Science-fiction is the law-abiding citizen of imaginative literature, obeying the rules, be they physical, social, or psychological, keeping regular hours, eating punctual meals; predictable, certain, sure.

Fantasy, on the other hand, is criminal. Each fantasy assaults and breaks a particular law; the crime being hidden by the author’s felicitous thought and style which cover the body before blood is seen.

Science-fiction works hand-in-glove with the universe.

Fantasy cracks it down the middle, turns it wrong-side-out, dissolves it to invisibility, walks men through its walls, and fetches incredible circuses to town with sea-serpent, medusa, and chimera displacing zebra, ape, and armadillo.

Science-fiction balances you on the cliff. Fantasy shoves you off. (From the Introduction to The Circus of Dr. Lao)

Bradbury’s quote rings a chord with me, as I mainly write fantasy-based stories.
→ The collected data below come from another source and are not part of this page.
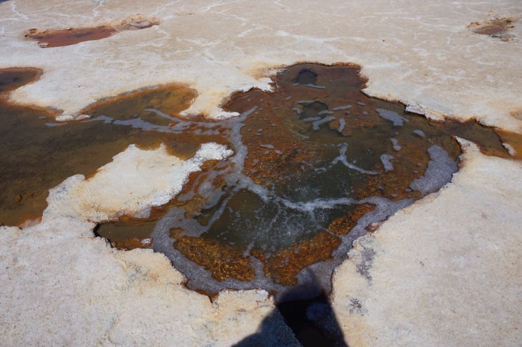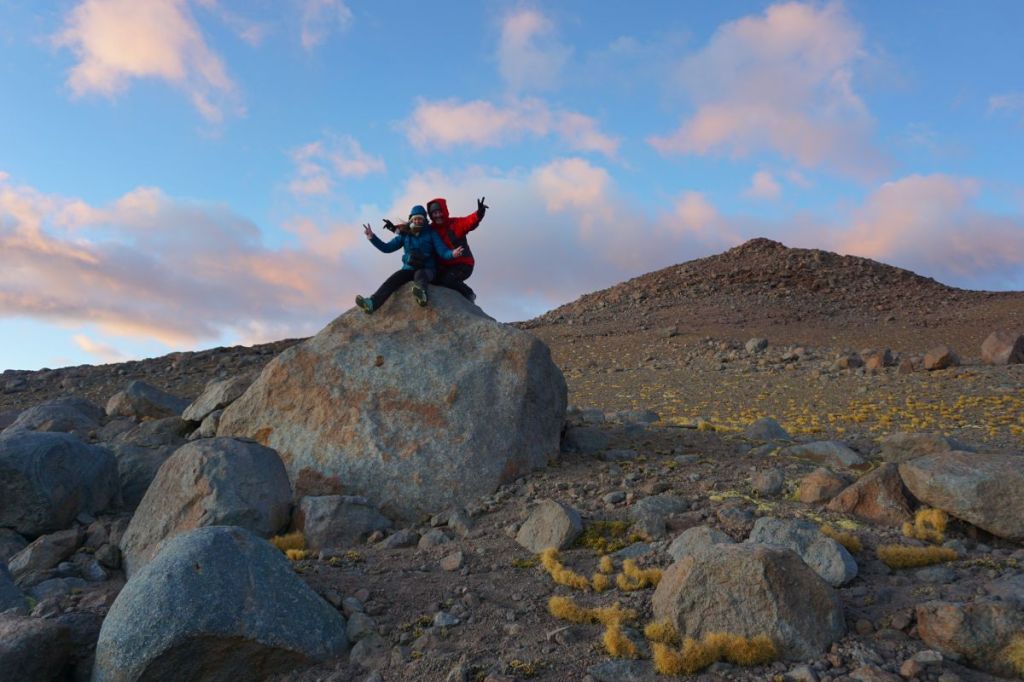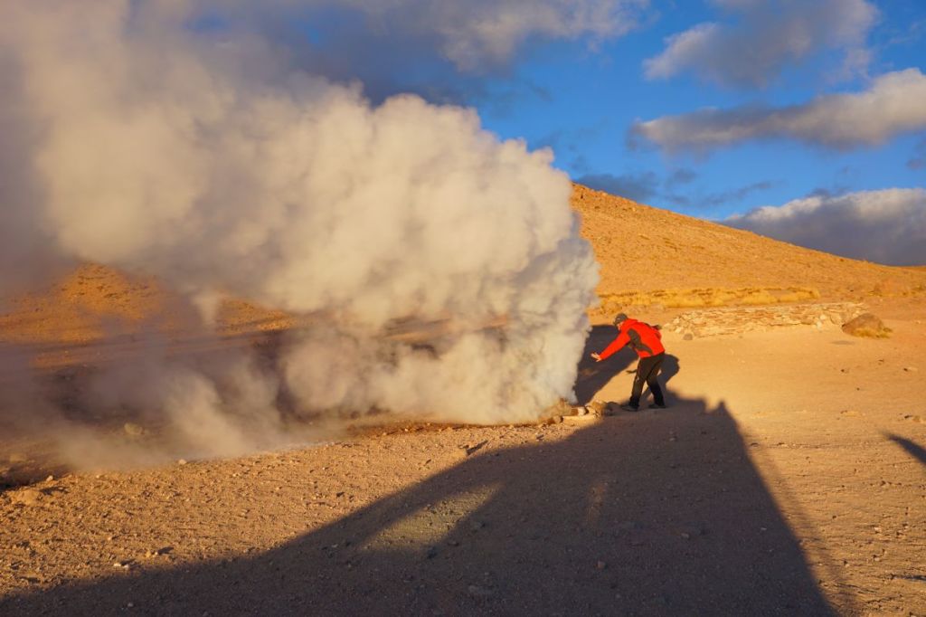 Hoy hay que madrugar un montón. A las 4:30 estamos ya desayunando, montamos todo en el coche y salimos. Por el camino llegamos a estar a 4.960 metros y le pedimos a Eddi parar, subimos hasta un montículo para estar a 5.000 metros, reto conseguido! Luego vamos a ver unos Geiseres. El aire que sale es caliente y con olor a azufre porque proviene de la lava volcánica.
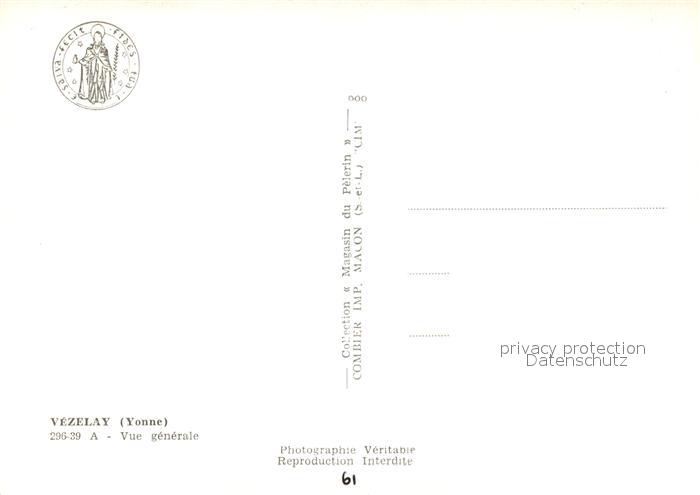 13533214 Vezelay Vue aérienne postalisch nicht gelaufen Erhaltung siehe scans [FriedD77] KatCode: 11170089289446
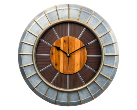 Large industrial-style wall clock with wood and metal design on a transparent background
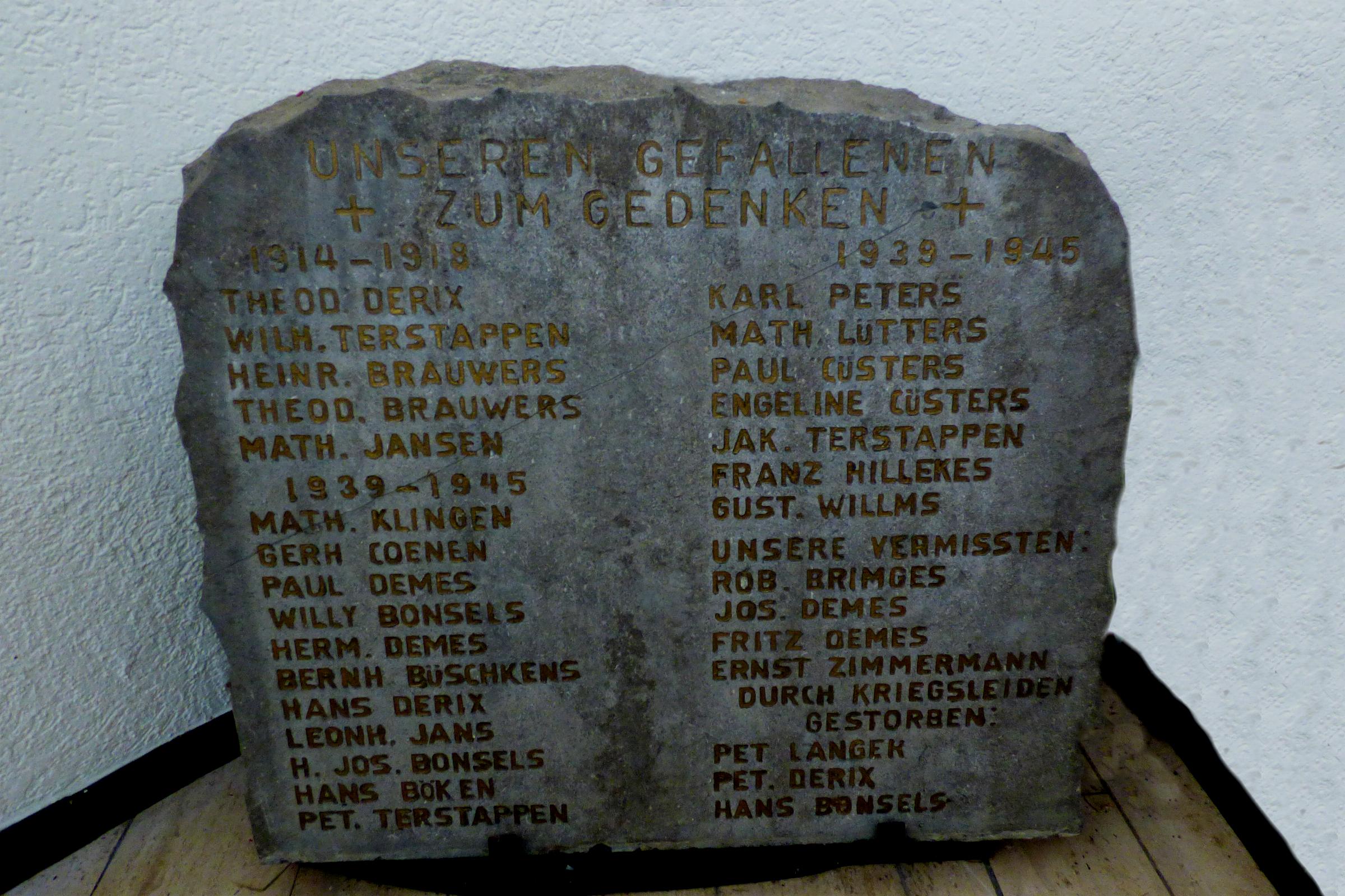 Standort: Der Gedenkstein hat seinen Standort in der Lucia Kapelle im Ortsteil Laar. Beschreibung: Bei dem Gedenkstein handelt es sich um einen ca. 0,80 m x 1,00m großen Naturstein, mit den Namen der in den Weltkriegen gefallenen und vermißten Soldaten der Ortschaft Laar. Er soll den Lebenden zur Mahnung und den Verstorbenen zum Ehre dienen.
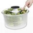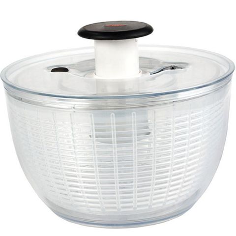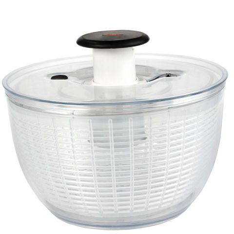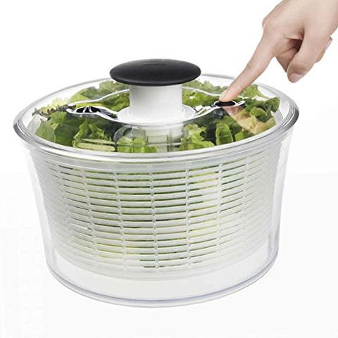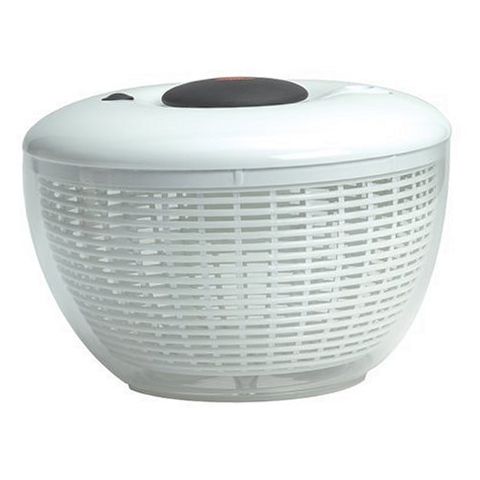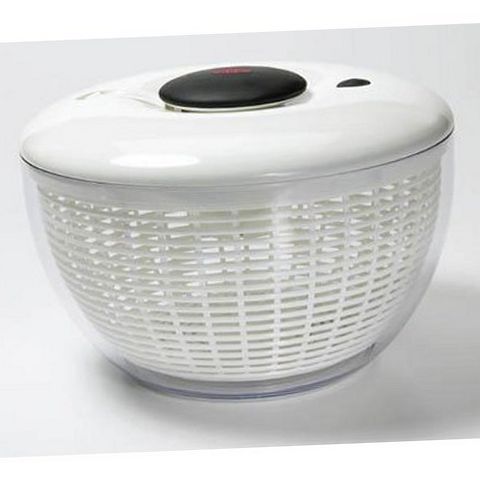 For easy salad preparation, try the SoftWorks Salad Spinner. Simply press the soft, non-slip knob to start the basket spinning. Washing and drying leafy vegetables has never been simpler or more fun than with this gadget. One hand is all you need to press the soft, cushioned knob to start the spinning; when the built-in brake is applied and the job is done, the basket and bowl can be taken apart and used separately. The knob locks down for easy storage, and the spinner is dishwasher-safe. Use this tool with lettuce, raw spinach, broad-leafed herbs, and greens--they end up clean and oh-so-dry, and the drier your leaves, the better salad dressings will adhere.
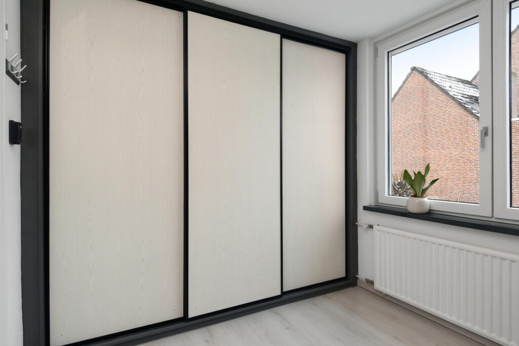 De hoofdslaapkamer heeft een ideale vaste kastenwand en ligt rustig aan de achterzijde van de woning.
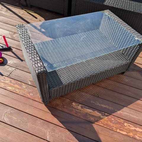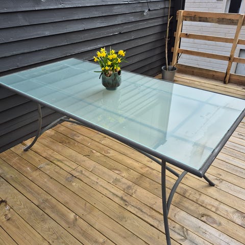 Hagebord med glassplate og metallramme. Bordplaten er laget av glass og rammen har en solid konstruksjon. Passer godt til hage eller terrasse.
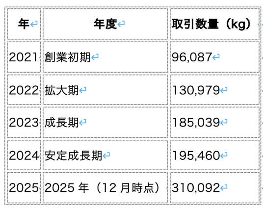 買いクルチェーン内の公式データでは、同社の取引量はこの5年間で約3.2倍、取引額は買いクルチェーン発足後から13,068%に拡大。2025年の輸出数量は31万kg超(2025年12月1日現在)に達している。
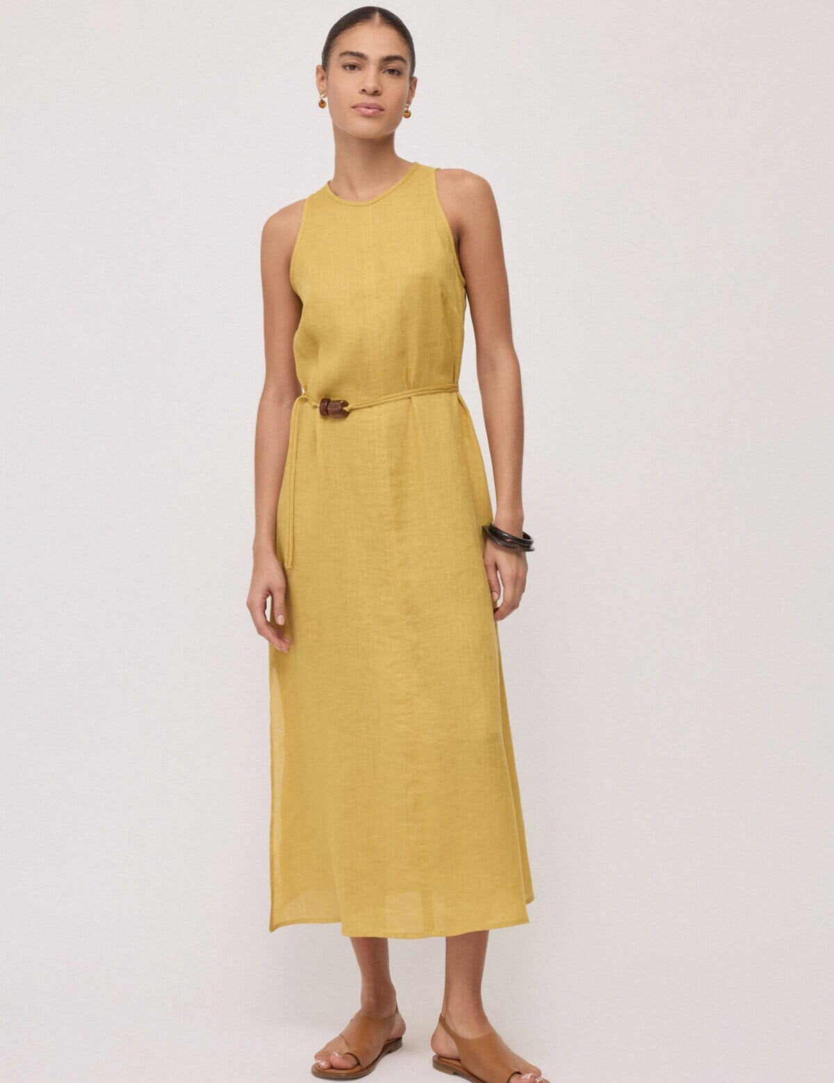 Vestido Midi em Linho Mostarda | Ottod'ame
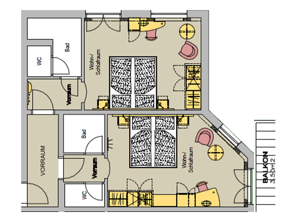 Die sehr begehrten Suiten Großglöckner sind alle mit zwei Schlafräumen ausgestattet, je mit Dusche und WC. Alle Zimmer verfügen selbstverständlich über einen Balkon. Sie haben alle einen großen 32 Zoll Flachbildschirm mit digitalem Kabelempfang mit reichlich Programmen.

Brin’s does as well, increasingly: I dislike the anti-egalitarianism that’s often prevalent in the Blessed-Childe-Savior stories in fantasy.

I wonder if the ‘rebellious’ nature of fantasy (in all its varieties) could be what sparks distrust among conservative (that is, not exclusively Christian, but…er…traditional) people? It is important in science fiction to quantify laws governing the setting; it is important in fantasy as well, but I’m not sure that the explanation for magic need be so…explicit.